THERE ARE SOME PEOPLE out there who don’t like the recent GOP push to make the presentation of a photo ID a pre-condition of being able to cast a ballot. Count among them Debbie Wasserman Schultz, the chairman of the Democratic National Committee and a U.S. representative from Florida.
Speaking with Roland Martin of TV One, a network that, according to its website, provides “real-life and entertainment television for African-American adults,” Wasserman Schultz equated GOP support for the anti voter fraud measure with a desire to “literally drag us all the way back to Jim Crow laws.”
It’s an interesting analogy, one that Wasserman Schultz herself is walking away from now that her comments have leaked out into the broader media.

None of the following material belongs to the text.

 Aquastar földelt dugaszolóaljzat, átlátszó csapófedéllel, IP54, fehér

But, as they say, the damage is done.
Dropping the “Jim Crow” bomb on a network with a largely African-American viewership is like waving a red cape at a bull; it’s a deliberate provocation—not an accidental misspeak—intended to get the viewers all riled up and thinking bad thoughts about the Republicans.
It’s also, in the larger context, a dangerous road for Wasserman Schultz to go down.

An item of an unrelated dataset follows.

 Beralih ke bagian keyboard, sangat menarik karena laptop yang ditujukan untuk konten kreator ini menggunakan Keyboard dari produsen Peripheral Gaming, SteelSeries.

Leaving aside the idea that she perhaps does not understand what the word “literally” means, the “Jim Crow” laws were a whole series of measures indented to keep blacks and whites apart, living lives that were “separate but equal” in all kinds of ways. They were not, as Wasserman Schultz inferred, simply about keeping blacks from voting.

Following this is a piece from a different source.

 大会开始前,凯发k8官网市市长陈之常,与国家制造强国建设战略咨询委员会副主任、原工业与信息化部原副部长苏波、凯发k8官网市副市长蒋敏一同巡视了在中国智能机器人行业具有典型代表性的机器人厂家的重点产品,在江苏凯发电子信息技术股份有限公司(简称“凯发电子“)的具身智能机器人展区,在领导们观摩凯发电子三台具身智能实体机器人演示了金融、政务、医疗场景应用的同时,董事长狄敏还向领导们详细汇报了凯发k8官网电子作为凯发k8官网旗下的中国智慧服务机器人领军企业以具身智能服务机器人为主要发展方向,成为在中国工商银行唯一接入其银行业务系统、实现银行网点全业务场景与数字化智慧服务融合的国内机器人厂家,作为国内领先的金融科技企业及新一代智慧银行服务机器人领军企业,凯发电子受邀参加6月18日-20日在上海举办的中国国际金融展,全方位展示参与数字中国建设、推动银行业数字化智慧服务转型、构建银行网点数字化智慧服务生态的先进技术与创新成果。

On the books from the end of reconstruction until the U.S. Supreme Court began to chip away at them in its landmark 1954 decision in Brown vs. Board of Education of Topeka, Kansas, the “Jim Crow” laws were a stain on our national character, one put there—and here is why the subject is dangerous for Wasserman Schultz to bring up—by the Democrats.
The fact that the Voting Rights Act was pushed through Congress by a Democrat—Lyndon Johnson—does not erase the party’s history of support for institutionalized de jure racism. LBJ was only able to get the bill through with the support of Republicans, led by Senate GOP leader Everett McKinley Dirksen of Illinois.
The Democratic Party’s longtime love affair with segregation is undeniable. Who stood up for “Jim Crow” when President Eisenhower tried to enforce desegregation at Little Rock, Arkansas’ Central High School? Democrats like Arkansas Gov. Orvall Faubus, who called out the state’s National Guard to prevent black students from entering the school. It was a Democrat, Alabama Gov. George Wallace, who famously proclaimed "segregation now, segregation tomorrow, segregation forever." And it was a Democratically-controlled Georgia legislature that picked nationally-known segregationist Lester Maddox to be their state’s 75th governor in 1966.
These are all facts that Wasserman Schultz conveniently seems to have forgotten.
Moreover, even though former Republican National Committee Chairman Ken Mehlman famously apologized for his party’s infamous “southern strategy” in a 2005 speech to the NAACP, neither Wasserman Schultz nor any Democratic National Committee chairman I can remember has ever apologized for their party’s support for “Jim Crow”—support that lasted nearly 75 years.
Democratic National Committee Chairman Debbie Wasserman Schultz is shameless, but, even more than that, she needs to go back to school.